Availability for a brave new world

Get free weekly news by e-mailBy James Gill, principal consultant and DB2 expert, Triton Consulting.

With the advent of Software as a Service (SaaS) more businesses are relying on the ability to access their business data through web based applications. In addition to the rise of SaaS and cloud computing, our businesses are increasingly operating on a global scale. When once you could schedule your maintenance updates for Sunday night, this now affects users across the other side of the globe.

When downtime is unplanned however, these issues multiply ten-fold. These outages are a lot more visible to users and the public at large with potential ramifications to revenue, brand image and customer satisfaction.

In this paper we will look at the various solutions to the application availability issue for DB2 databases and how they meet the demands of our ever changing global operations.

Availability solutions for DB2 databases

There are a number of high availability and disaster recovery solutions which have been in the marketplace for some time.

Active-passive clustering is a good general purpose high availability solution within a local environment. It typically provides a warm standby solution – i.e. an outage in the primary server is detected by the backup, which then takes over. The main stumbling block with this method is that it cannot work over a long distance and so is really only suitable for a single location solution.

With an active-passive clustering solution an organization typically has an active or primary server and a passive or standby server. The TCO of this solution can be relatively high with expensive hardware resources sitting idle on the standby server. In addition to the warm standby server some organizations set up an additional standby within a separate disaster recovery site.

Figure one
Figure 1 – Shared Disk HA Solution

A heartbeat between servers detects when the primary server goes down and moves services across to the failover server. There is generally an outage experienced where the primary server has failed, and the standby server detects this change in state.

Fig 2
Figure 2 – Shared Disk HA Failover

However, this is a solution used by many organizations across Europe and the US, especially within the banking sector.

Examples of active-passive implementations are the AIX HACMP, and DB2 UDB for Linux Unix and Windows HADR.

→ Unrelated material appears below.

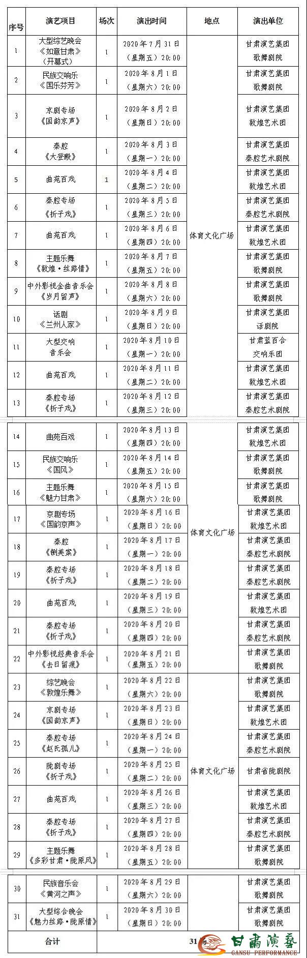 藝術(shù)節(jié)演出內(nèi)容涵蓋歌舞、民族交響樂、戲劇、曲藝、兒童劇、舞劇、話劇等多種藝術(shù)形式,共計演出100場。藝術(shù)節(jié)主場館設(shè)在蘭州市體育公園,每晚8時演出一場,由省直藝術(shù)院團(tuán)輪番上演大型綜藝晚會《如意甘肅》《敦煌樂舞》《魅力絲路·隴原情》、民族交響樂《國樂芬芳》《國風(fēng)》《黃河之聲》、主題樂舞《敦煌·絲路情》《魅力甘肅》《多彩甘肅·隴原風(fēng)》、音樂會《歲月留聲》、話劇《蘭州人家》、京劇《國韻京聲》、秦腔《大登殿》《鍘美案》《趙氏孤兒》,以及隴劇、秦腔折子戲?qū)龊颓嚲C合晚會《曲苑百戲》等經(jīng)典劇目,共計演出31場,每場一個主題。分劇場設(shè)在黃河劇院、東風(fēng)劇院、人民劇院、77演藝工場等演出場所,著力打造音樂會+戲曲+兒童?。拕〉难莩鲂问?,主要上演大型戲曲綜藝晚會《梨園風(fēng)采》、京劇《梨園春色-折子戲》、秦腔《清風(fēng)亭》《火焰駒》、隴劇《假婿乘龍》、音樂劇《花兒與少年》、話劇《老柿子樹》、兒童劇《綠野仙蹤》和鋼琴重奏音樂會等凸顯甘肅文化特色的精品劇目和體現(xiàn)出甘肅文化名片的品牌劇目。

HADR or High Availability Disaster Recovery for DB2 from IBM works in a similar way with a primary server and a standby server. The difference here is that the primary server processes transactions and ships logs to the standby server. The standby then stores these and applies the log buffers from the primary. Whilst this results in two copies of the database, this isolates the customer from disk subsystem failures. On failover the standby becomes the new primary. HADR is a good system and one that has been deployed across many customer sites. It does, however, still rely on the Active-Passive database set-up meaning that expensive resources are left idle.

Fig 3
Figure 3 – HADR Configuration

Fig 4
Figure 4 – HADR Failover

HACMP runs at the operating system level, with a heartbeat signal ensuring that the services are still available. The heartbeat can be implemented over the network, or through a serial connection or even shared disk. If the passive server does not receive regular heartbeats from the active server, it will take over services.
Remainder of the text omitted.